The ultimate goal is to remove the dependence on file
and util.datapath so non-module data file access is abstract
and doesn't need to be serviced by a traditional filesystem.

The new code will return bad results for py2exe and macOS
application builds because resource files live in immediate
subdirectories of the binary instead of next to the source.
This will be addressed in future commits.

  1. no-check-commit because we must use foo_bar naming

Diff Detail

Repository
rHG Mercurial
Branch
default
Lint
No Linters Available
Unit
No Unit Test Coverage

Event Timeline

indygreg created this revision.Nov 14 2019, 10:58 PM
indygreg planned changes to this revision.Nov 14 2019, 11:01 PM

@martinvonz do you want to pick up this series or do you want me to rebase it on top of packageutil? If you leave it up to me, I'm not sure when I'll get around to it. (I'd prefer to focus my time on shoring up PyOxidizer.)

If you do pick this up, an alternative to this approach would be to vendor importlib_resources (https://importlib-resources.readthedocs.io/en/latest/index.html) or consider using its code/approach instead of rolling so much of a custom solution. That being said, I feel like I already wrote enough of the code to support the modern resources API and Mercurial would require sufficient changes for things to work in the domain of bytes that importing importlib_resources doesn't seem worthwhile.

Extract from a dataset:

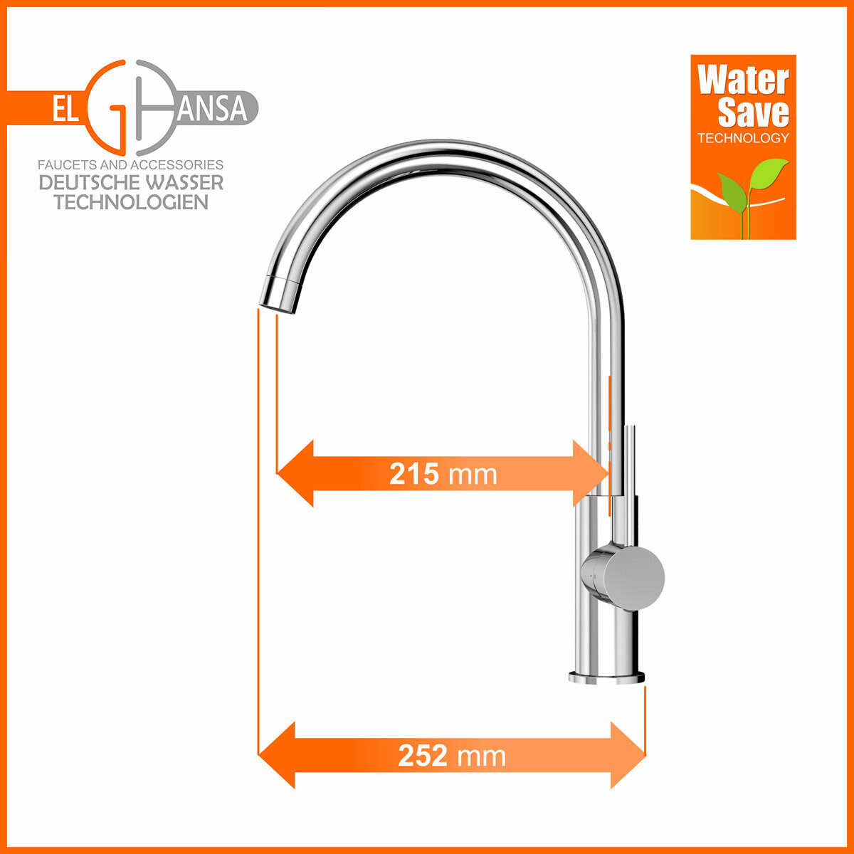 Высокий однорычажный смеситель для кухни (на мойку) с поворотным изливом Elghansa 56B1116 из нержавеющей стали, хром
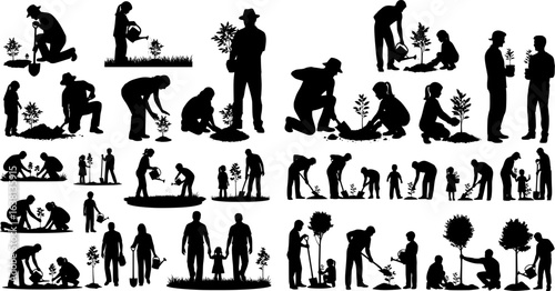 Silhouette of people planting trees various poses set collection. Family gardening and planting trees outdoor different poses silhouette set.

If you do take this series, something to consider for templates is the implication for users wanting to edit templates. If templates are embedded in the binary, how do users define their own custom versions of the build-in templates? We already have a permissions problem when the provided templates are read-only and the user can't edit them in place. But with PyOxidizer, if templates are embedded in the binary, the user won't even have access to their raw content! We would likely need to supply an hg debugextracttemplates command or something to allow the user to obtain a copy of the embedded templates.